Habe in anderen Beiträgen bereits gelesen, dass bei einem Markennetzteil (was ich ja habe) bereits 450 W ausreichen. Da aber mein AMD Prozessor mehr Strom verbraucht, als einer von Intel, bin ich mir nicht sicher, ob diese Aussage dennoch zutrifft.

Angeschlossen ist ansonsten nichts besonderes - 3 Gehäuselüfter, eine HDD und ein DVD-Brenner.

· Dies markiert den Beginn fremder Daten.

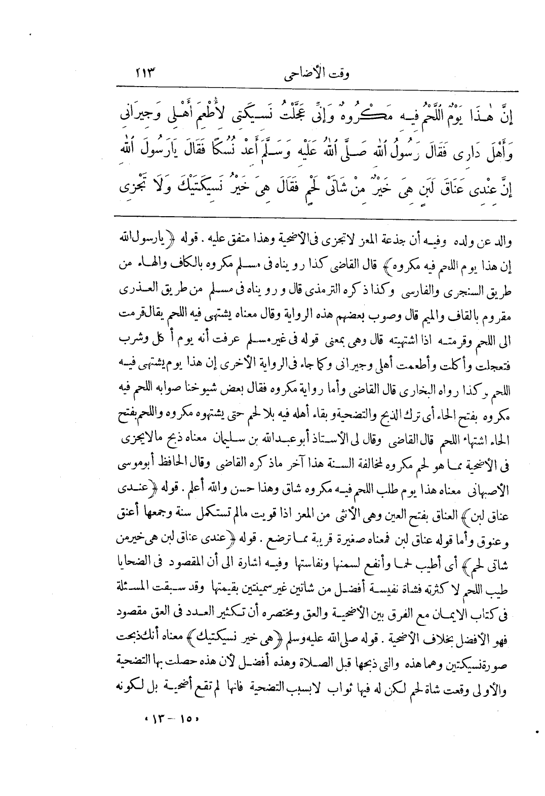 والد عن ولده وَفِيهِ أَنَّ جَذَعَةَ الْمَعْزِ لَا تَجْزِي فِي الأضحية وهذا متفق عليه قوله (يارسول اللَّهِ إِنَّ هَذَا يَوْمٌ اللَّحْمُ فِيهِ مَكْرُوهٌ) قَالَ الْقَاضِي كَذَا رَوَيْنَاهُ فِي مُسْلِمٍ مَكْرُوهٌ بِالْكَافِ وَالْهَاءِ مِنْ طَرِيقِ السِّنْجَرِيِّ وَالْفَارِسِيِّ وَكَذَا ذَكَرَهُ التِّرْمِذِيُّ قَالَ رَوَيْنَاهُ فِي مُسْلِمٍ مِنْ طَرِيقِ الْعُذْرِيِّ مَقْرُومٌ بِالْقَافِ وَالْمِيمِ قَالَ وَصَوَّبَ بَعْضُهُمْ هَذِهِ الرِّوَايَةَ وَقَالَ مَعْنَاهُ يُشْتَهَى فِيهِ اللَّحْمُ يُقَالُ قَرِمْتُ إِلَى اللَّحْمِ وَقَرِمْتُهُ إِذَا اشْتَهَيْتُهُ قَالَ وَهِيَ بِمَعْنَى قَوْلِهِ فِي غَيْرِ مُسْلِمٍ عَرَفْتُ أَنَّهُ يَوْمُ أَكْلٍ وَشُرْبٍ فَتَعَجَّلْتُ وَأَكَلْتُ وَأَطْعَمْتُ أَهْلِي وَجِيرَانِي وَكَمَا جَاءَ فِي الرِّوَايَةِ الْأُخْرَى إِنَّ هَذَا يَوْمٌ يُشْتَهَى فِيهِ اللَّحْمُ وَكَذَا رَوَاهُ الْبُخَارِيُّ قَالَ الْقَاضِي وَأَمَّا رِوَايَةُ مَكْرُوهٌ فَقَالَ بَعْضُ شُيُوخِنَا صَوَابُهُ اللَّحَمُ فِيهِ مَكْرُوهٌ بِفَتْحِ الْحَاءِ أَيْ تَرْكُ الذَّبْحِ وَالتَّضْحِيَةِ وَبَقَاءُ أَهْلِهِ فِيهِ بِلَا لَحْمٍ حَتَّى يَشْتَهُوهُ مَكْرُوهٌ وَاللَّحَمُ بِفَتْحِ الْحَاءِ اشْتِهَاءُ اللَّحْمِ قَالَ الْقَاضِي وَقَالَ لِيَ الْأُسْتَاذُ أَبُو عَبْدِ اللَّهِ بْنُ سُلَيْمَانَ مَعْنَاهُ ذَبْحُ مَا لَا يَجْزِي فِي الْأُضْحِيَّةِ مِمَّا هُوَ لَحْمٌ مَكْرُوهٌ لِمُخَالَفَةِ السُّنَّةِ هَذَا آخِرُ مَا ذَكَرَهُ الْقَاضِي وَقَالَ الْحَافِظُ أَبُو مُوسَى الْأَصْبَهَانِيُّ مَعْنَاهُ هَذَا يَوْمٌ طَلَبُ اللَّحَمِ فِيهِ مَكْرُوهٌ شَاقٌّ وَهَذَا حَسَنٌ وَاللَّهُ أَعْلَمُ قَوْلُهُ (عِنْدِي عَنَاقَ لَبَنٍ) الْعَنَاقُ بِفَتْحِ الْعَيْنِ وَهِيَ الْأُنْثَى مِنَ الْمَعْزِ إِذَا قَوِيَتْ مَا لَمْ تَسْتَكْمِلْ سَنَةً وَجَمْعُهَا أَعْنُقٌ وَعُنُوقٌ وَأَمَّا قَوْلُهُ عَنَاقَ لَبَنٍ فَمَعْنَاهُ صَغِيرَةٌ قَرِيبَةٌ مِمَّا تَرْضَعُ قَوْلُهُ (عِنْدِي عَنَاقَ لَبَنٍ هِيَ خَيْرٌ مِنْ شَاتَيْ لَحْمٍ) أَيْ أَطْيَبُ لَحْمًا وَأَنْفَعُ لِسِمَنِهَا وَنَفَاسَتِهَا وَفِيهِ إِشَارَةٌ إِلَى أَنَّ الْمَقْصُودَ فِي الضَّحَايَا طِيبُ اللَّحْمِ لَا كَثْرَتُهُ فَشَاةٌ نَفِيسَةٌ أَفْضَلُ مِنْ شَاتَيْنِ غَيْرِ سَمِينَتَيْنِ بِقِيمَتِهَا وَقَدْ سَبَقَتِ الْمَسْأَلَةُ فِي كِتَابِ الْإِيمَانِ مَعَ الْفَرْقِ بَيْنَ الْأُضْحِيَّةِ وَالْعَقِّ وَمُخْتَصَرُهُ أَنَّ تَكْثِيرَ الْعَدَدِ فِي الْعَقِّ مَقْصُودٌ فَهُوَ الْأَفْضَلُ بِخِلَافِ الْأُضْحِيَّةِ قَوْلُهُ صَلَّى اللَّهُ عَلَيْهِ وَسَلَّمَ (هِيَ خَيْرُ نَسِيكَتَيْكَ) مَعْنَاهُ أَنَّكَ ذَبَحْتَ صُورَةً نَسِيكَتَيْنِ وَهُمَا هَذِهِ وَالَّتِي ذَبَحَهَا قَبْلَ الصَّلَاةِ وَهَذِهِ أَفْضَلُ لِأَنَّ هَذِهِ حَصَلَتْ بِهَا التَّضْحِيَةُ وَالْأُولَى وَقَعَتْ شَاةَ لَحْمٍ لَكِنْ لَهُ فِيهَا ثَوَابٌ لَا بِسَبَبِ التَّضْحِيَةِ فَإِنَّهَا لَمْ تَقَعْ أُضْحِيَّةً بَلْ لِكَوْنِهِ

Und nebenbei: ist diese Aufrüstung überhaupt sinnvoll? BF3 oder BF4 spiele ich nicht, von daher denke ich, dass der Prozessor noch ausreichend ist. Wollte jetzt erst mal Spiele wie Far Cry 3, Metro 2033 und Dishonored nachholen. Nächstes Jahr dann evtl. The Elder Scrolls Online - aber da muss man dann ja eh erst mal schauen, wie die Anforderungen sein werden.


Vielen Dank.

Gruß
Magic


----------



## Herbboy (30. November 2013)

Das reicht locker, das würde auch für eine R9 290X reichen    bei BeQuiet kannst Du an sich pauschal sagen: 2x PCIe 6Pin, dann reicht das für jeden PC mit jeder Karte, die maximal 2x PCie benötigt.

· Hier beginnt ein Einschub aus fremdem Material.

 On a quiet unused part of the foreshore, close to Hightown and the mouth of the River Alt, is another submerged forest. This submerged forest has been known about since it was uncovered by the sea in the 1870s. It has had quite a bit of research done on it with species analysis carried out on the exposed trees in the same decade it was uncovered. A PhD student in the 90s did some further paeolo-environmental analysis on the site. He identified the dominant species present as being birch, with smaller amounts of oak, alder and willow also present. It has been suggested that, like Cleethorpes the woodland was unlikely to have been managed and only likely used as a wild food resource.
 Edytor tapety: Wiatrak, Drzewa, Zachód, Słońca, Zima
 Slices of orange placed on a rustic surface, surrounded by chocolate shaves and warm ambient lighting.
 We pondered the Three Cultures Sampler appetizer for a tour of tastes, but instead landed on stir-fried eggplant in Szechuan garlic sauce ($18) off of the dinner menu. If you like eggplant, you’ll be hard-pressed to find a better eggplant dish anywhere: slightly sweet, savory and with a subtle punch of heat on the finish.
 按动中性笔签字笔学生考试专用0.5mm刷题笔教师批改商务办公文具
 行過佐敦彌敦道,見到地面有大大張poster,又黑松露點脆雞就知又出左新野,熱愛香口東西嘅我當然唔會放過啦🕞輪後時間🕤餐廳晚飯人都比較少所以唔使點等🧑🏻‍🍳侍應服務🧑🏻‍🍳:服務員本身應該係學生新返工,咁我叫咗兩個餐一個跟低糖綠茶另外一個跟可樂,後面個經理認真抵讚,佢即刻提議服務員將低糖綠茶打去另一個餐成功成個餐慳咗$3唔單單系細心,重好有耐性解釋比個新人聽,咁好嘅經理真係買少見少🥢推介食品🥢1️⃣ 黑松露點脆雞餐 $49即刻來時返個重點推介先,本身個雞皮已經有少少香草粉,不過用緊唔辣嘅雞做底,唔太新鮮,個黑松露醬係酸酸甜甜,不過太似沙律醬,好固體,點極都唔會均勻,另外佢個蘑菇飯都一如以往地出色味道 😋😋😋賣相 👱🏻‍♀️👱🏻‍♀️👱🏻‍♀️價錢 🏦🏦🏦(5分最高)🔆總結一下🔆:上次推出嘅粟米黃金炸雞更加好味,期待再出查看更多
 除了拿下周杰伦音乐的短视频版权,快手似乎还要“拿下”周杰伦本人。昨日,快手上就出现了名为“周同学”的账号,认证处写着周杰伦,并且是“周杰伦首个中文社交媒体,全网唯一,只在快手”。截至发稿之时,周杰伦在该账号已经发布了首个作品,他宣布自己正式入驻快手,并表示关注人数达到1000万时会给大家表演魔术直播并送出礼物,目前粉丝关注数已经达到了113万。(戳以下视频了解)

Und die Auvfrüstung ist auf jeden Fall sinnvoll, siehe hier AMD Radeon HD 7950 - ein guter Partner auch für ältere CPUs?  die R9 270X ist ja quasi identisch zur 7950, und in dem Artikel geht es "sogar" darum, dass zuerst eine AMD 6870 drin ist, also eh schon etwas besser als bei Dir.

Deine CPU würde auch für BF3 + 4 noch "reichen", nur vor allem im Multiplayer dann vlt nicht mit mehr als 40 FPS. Wichtiger sind da beinah schon weitere 4GB RAM. Denn inzwischen gibt es durchaus schon einige Games, die von mehr als 4GB profitieren.
´
Und wegen der CPU siehe auch hier CPU aufrüsten: Intel Core i5-3570k vs. AMD X4 965 - eine lohnenswerte Investition? - AMD X4 965 vs Intel i5-3570k: Durchführung und Ergebnisse der Spieletests  da ist auch Far Cry 3 dabei, was mit X4 965 + AMD 7950 (also auch R9 270x) mit über 40 FPS läuft - und mit nem modernen core i5 kaum schneller. Da begrenzt dann halt wohl die Grafikkarte.

Und hier die gleiche PC-Konfiguration, immer noch X4 965 + AMD 7950, mit Far Cry: Far Cry 3 - Benchmarks und Tuning-Tipps zum OpenWorld-Shooter   das läuft auf "sehr hoch" mit 4x AA immer noch über 40 FPS, bei 2x AA auch über 50. Ich hab Far Cry 3 auch, und beim spielen sieht es auf "Ultra" und "sehr hoch" mit 4x AA auch kaum merkbar besser aus als "nur" auf hoch mit 2x AA


----------